Em meio a uma trágica pandemia, a maior catástrofe vivida
pelas atuais gerações, devastadora para vidas humanas e avassaladora para o
sistema produtivo, o Brasil se obriga a enfrentar outra frente desafiante: a
defesa da democracia como um valor essencial para organizar a nossa sociedade.
Espantosa missão, seja porque há pouco mais de três décadas saímos de uma ditadura,
seja porque já temos problemas demais a superar, seja porque “estamos em pleno
século 21 sendo afrontados com discursos, ameaças e situações medievais”.
Inacreditável, mas terrivelmente real.
A partir de 1964, foram 21 anos de arbítrio, com censura à imprensa
e às artes, exílio forçado de concidadãos, cassação de direitos políticos,
desaparecidos e presos políticos, torturas e mortes nos porões da opressão,
supressão de eleições, interdições a liberdades civis e políticas (opinião,
reunião, organização, etc.), entre tantas tragédias urdidas nos “anos de
chumbo”. Ao fim, o poder civil recebeu o País com um endividamento externo
irresponsável e a economia em frangalhos.
Nos anos 1970, na universidade, entrei nos movimentos
sociais em busca da retomada das liberdades em nosso país. Nesse tempo de
embates e formação política, tive um aprendizado fundamental: a democracia é um
valor universal a nortear as formas de conquista e exercício do poder em toda e
qualquer sociedade que se queira civilizada e humanística.

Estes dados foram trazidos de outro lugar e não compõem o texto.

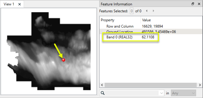 A raster feature is output, and all cells with elevations that fell within the range now have an elevation value of 0.
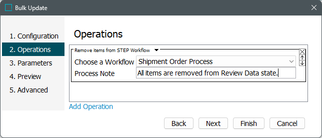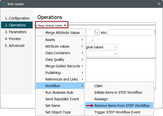 - Click Next and on the Operations step, from the dropdown menu select Workflow > Remove items from STEP Workflow.
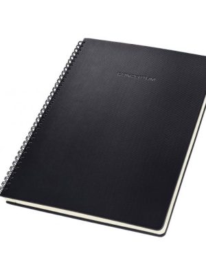 Zápisník s kovovou špirálou po dlhšej strane, vnútorným vreckom na zadnej vnútornej strane, dierovanými stranami s mikroperforáciou. Pevné čierne dosky majú jemné ryhovanie. 160 strán gramáže 80 g / m², formát A5. Farba ...

Sob a Constituição de 1988, reconstruímos a democracia. Não
foi um tempo perfeito, como nenhum foi ou será, até porque a política não é
feita por deuses, mas por seres humanos, suscetíveis de erros e imperfeições.
Mas é inegável que percorremos um período de avanços socioeconômicos, com o
funcionamento do Estado Democrático de Direito e as devidas correções de rumos
e penalizações de desvios, por exemplo.
Entre as conquistas, podemos citar a criação do Sistema
Único de Saúde (SUS), a universalização do acesso à educação básica, a
derrocada do flagelo da inflação e a criação do Real, a ocorrência de eleições
periódicas e transparentes, com alternância de poder, os avanços nas agendas
dos direitos humanos, do meio ambiente e da sustentabilidade, e uma abrangente
rede de proteção social (Bolsa Família e outros).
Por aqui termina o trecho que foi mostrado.